OTHER NOTES, EXAMPLES, AND IMPLEMENTATIONS 
[00155] Note that all optional features of the apparatus described above may also  be implemented with respect to the method or process described herein and specifics in  the examples may be used anywhere in one or more embodiments. 
[00156] In a first example, a system is provided (that can include any suitable  circuitry, dividers, capacitors, resistors, inductors, ADCs, DFFs, logic gates, software,  hardware, links, etc.) that can be part of any type of computer, which can further include 
   
a circuit board coupled to a plurality of electronic components.  The system can include  means for clocking data from the digital core onto a first data output of a macro using a  first clock, the first clock being a macro clock; means for clocking the data from the first  data output of the macro into the physical interface using a second clock, the second  clock being a physical interface clock; means for clocking a first reset signal from the  digital core onto a reset output of the macro using the macro clock, the first reset signal  output used as a second reset signal; means for sampling the second reset signal using a  third clock, which provides a clock rate greater than the rate of the second clock, to  generate a sampled reset signal; and means for resetting the second clock to a  predetermined state in the physical interface in response to a transition of the sampled  reset signal. 
[00157]   The ‘means for’ in these instances (above) can include (but is not limited  to) using any suitable component discussed herein, along with any suitable software,  circuitry, hub, computer code, logic, algorithms, hardware, controller, interface, link, bus,  communication pathway, etc.  In a second example, the system includes memory that  further comprises machine‐readable instructions that when executed cause the system  to perform any of the activities discussed above.   
 

Claims

  WHAT IS CLAIMED IS: 
  1.  A method for determining a direction of arrival (DOA) of an acoustic signal  generated by an acoustic source k of K acoustic sources, the DOA indicating a DOA of the  acoustic signal at a microphone array comprising M microphones, each of K and M being  an integer equal to or greater than 2, the method comprising:    a) determining a time‐frequency (TF) tensor of FxTxM dimensions, where F is an  integer indicating a number of frequency components f and T is an integer indicating  a number of time frames t, the TF tensor comprising a TF representation of each of M  digitized signal streams x, each digitized stream corresponding to a combined  acoustic signal captured by one of M microphones of the microphone array;  b) initializing a DOA matrix of dimensions 3xK, the DOA matrix comprising  estimated DOA information for each of the K acoustic sources;  c) based on values of the TF tensor, computing a correlation tensor of dimensions  MxMxF, the correlation tensor comprising information indicative of correlation of the  combined acoustic signals captured by different microphones of the microphone  array;  d) based on values of the DOA matrix, computing a steering tensor of dimensions  MxKxF, the steering tensor comprising information indicative of phase and magnitude  response of each microphone of the microphone array to each acoustic source of the  K acoustic sources;  e) based on values of the steering tensor, computing a projector tensor of  dimensions MxMxF, the projector tensor comprising information indicative of which  one or more portions of the TF tensor determined in step a) originate from localizable  sources;  f) based on values of the steering tensor, values of the projector tensor, and  values of the correlation tensor, computing a DOA gradient matrix of dimensions 3xK,     
the DOA gradient matrix comprising information indicative of a change to the DOA  matrix for modifying the estimated DOA information;  g) updating the DOA matrix based on values of the DOA gradient matrix;   h) iterating steps d)‐g) two or more times; and  i) following the iterations, determining the DOA of an acoustic source k based on  a column  Θ:k of the DOA matrix. 
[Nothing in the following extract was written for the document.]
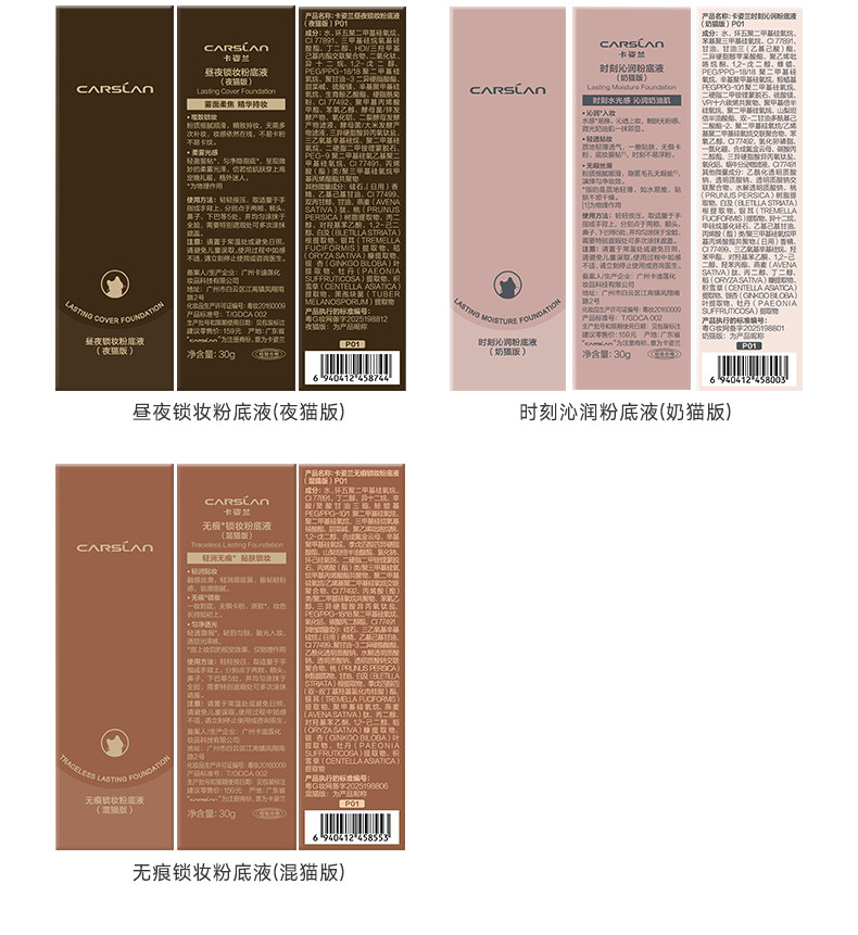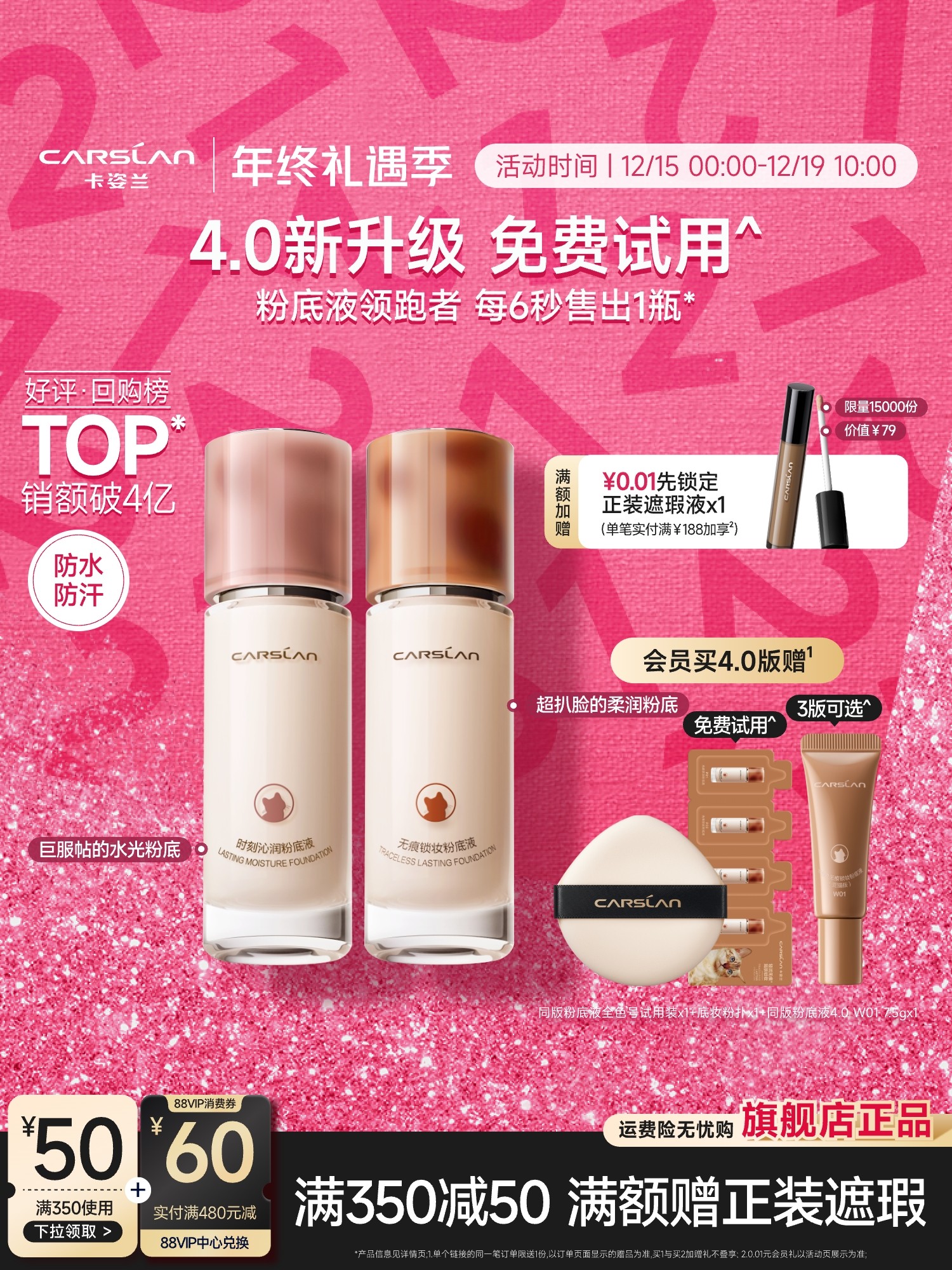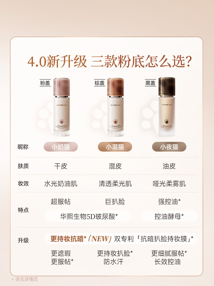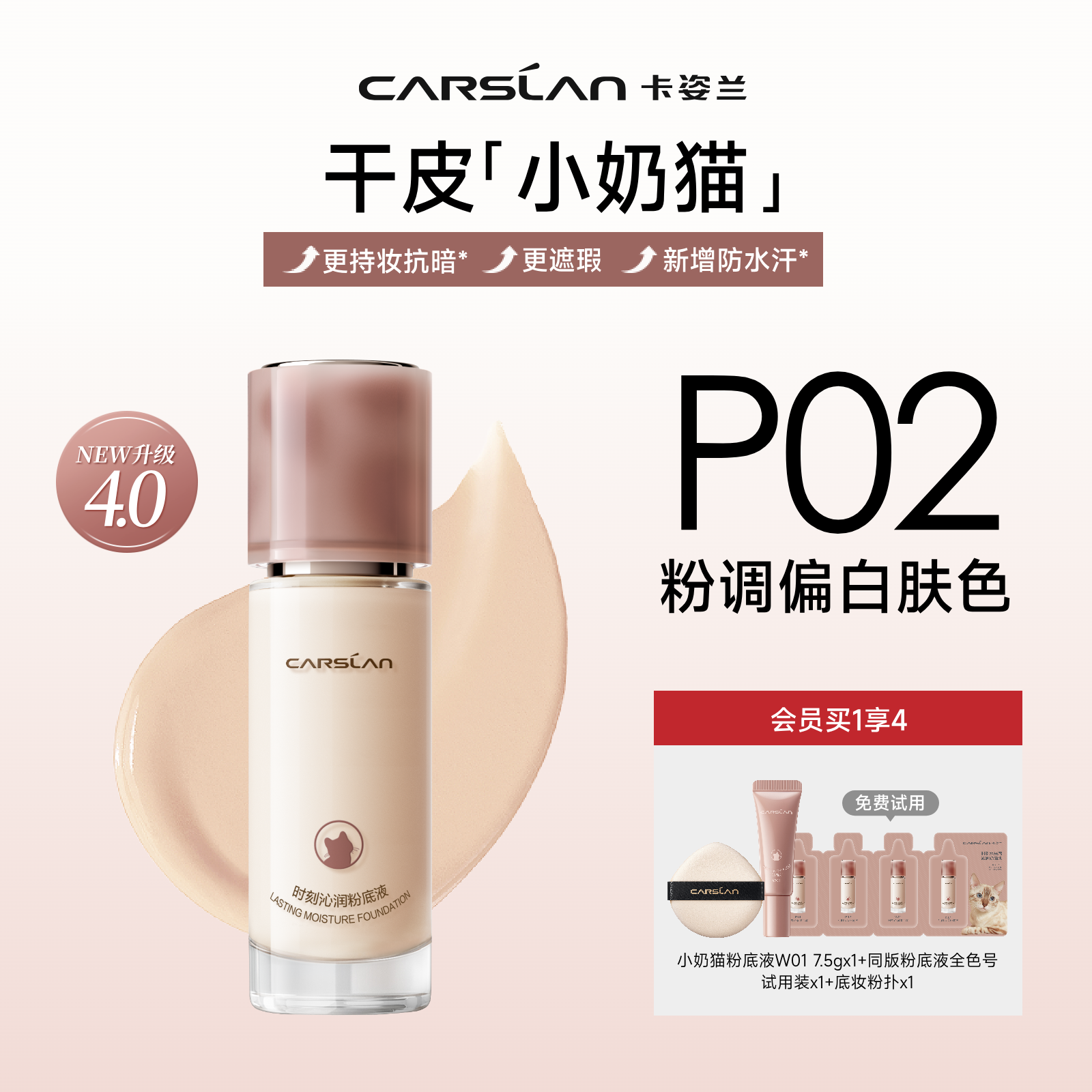 4.0新升级/卡姿兰粉底液遮瑕持久不脱妆小混猫奶猫夜猫粉底液官方

2.  The method according to claim 1, where each element Xftm of the TF tensor is  configured to comprise a complex value indicative of measured magnitude and phase of  a portion of a digitized stream x corresponding to a frequency component f at a time  frame t for a microphone m. 
3.  The method according to claim 1, where each element  Θik of the DOA matrix is  configured to comprise a real value indicative of orientation of the acoustic source k with  respect to the microphone array in dimension i. 
4.  The method according to claim 1, where each element Rm1m2f of the correlation  tensor is configured to comprise a complex value indicative of correlation between a  portion of the digitized stream x as acquired by microphone m1 and a portion of the  digitized stream x as acquired by microphone m2 for a particular frequency component f. 
5.  The method according to claim 1, where each element Amkf of the steering tensor  is configured to comprise a complex value indicative of a magnitude and a phase  response of a microphone m to an acoustic source k at a frequency component f. 
6.  The method according to claim 1, wherein each element Bm1m2f of the projector  tensor is configured to comprise a complex value indicative of a set of data vectors Xft:  that correspond to localizable signals with steering matrix A::f at a frequency component  f.   
   
7.  The method according to claim 1, wherein each element Gik of the DOA gradient  matrix is configured to comprise a real value indicative of an estimated change in the  DOA tensor for improving orientation estimate of the acoustic source k. 
8.  The method according to any one of claims 1‐7, further comprising:  e’) based on values of the projector tensor and values of the TF tensor, computing  a TF weight tensor of dimensions FxTxK, where each element Wftk of the TF weight  tensor is configured to comprise a real value between 0 and 1 indicative of a degree  to which the acoustic source k is active in the (f,t)th bin, and  e’’) re‐computing the correlation tensor based on the values of the TF tensor and  values of the TF weight tensor,  wherein the iterations comprise iterating steps d‐g, e’, and e’’. 
9.  The method according to claim 8, wherein computing the TF weight tensor  comprises using a Wiener mask. 
10.  The method according to claim 8, wherein computing the TF weight tensor  comprises using a Wiener mask and defining source‐specific correlation matrices in terms  of posterior probabilities using a Wiener mask. 
11.  The method according to any one of claims 1‐7, wherein the iterations are  performed until one or more predefined criteria are met. 
12.  A method for identifying a first direction of arrival of sound waves from a first  acoustic source and a second direction of arrival of sound waves from a second acoustic  source, the method comprising:    receiving, at a microphone array, acoustic signals including the sound waves from  the first and second acoustic sources;  converting the received acoustic signals from a time domain to a time‐frequency  domain;  
   
processing the converted acoustic signals to determine an estimated first angle  representing the first direction of arrival and an estimated second angle representing  the second direction of arrival; and  updating the estimated first and second angles;   wherein processing includes localizing, separating and Wiener post‐filtering the  converted acoustic signals using time‐frequency weighting and outputting a time‐ frequency weighted signal for estimating the first and second angles. 
13.   The method according to claim 12, further comprising combining the time‐
frequency weighted signal with the converted acoustic signals to generate a  correlation matrix. 
14.   The method according to claim 13, wherein updating the estimated first and 
second angles comprises utilizing the correlation matrix and the estimated first and  second angles and outputting updated estimated first and second angles. 
15.   The method according to claim 12, wherein converting the received acoustic  signals from a time domain to a time‐frequency domain includes using a short time  Fourier transform.   
16.   The method according to claim 12, wherein processing the converted acoustic  signals to determine the estimated first and second angles includes decomposing the  converted acoustic signals to identify signals from each of the first and second  acoustic sources by accounting for interference between the first and second acoustic  sources in forming the acoustic signals.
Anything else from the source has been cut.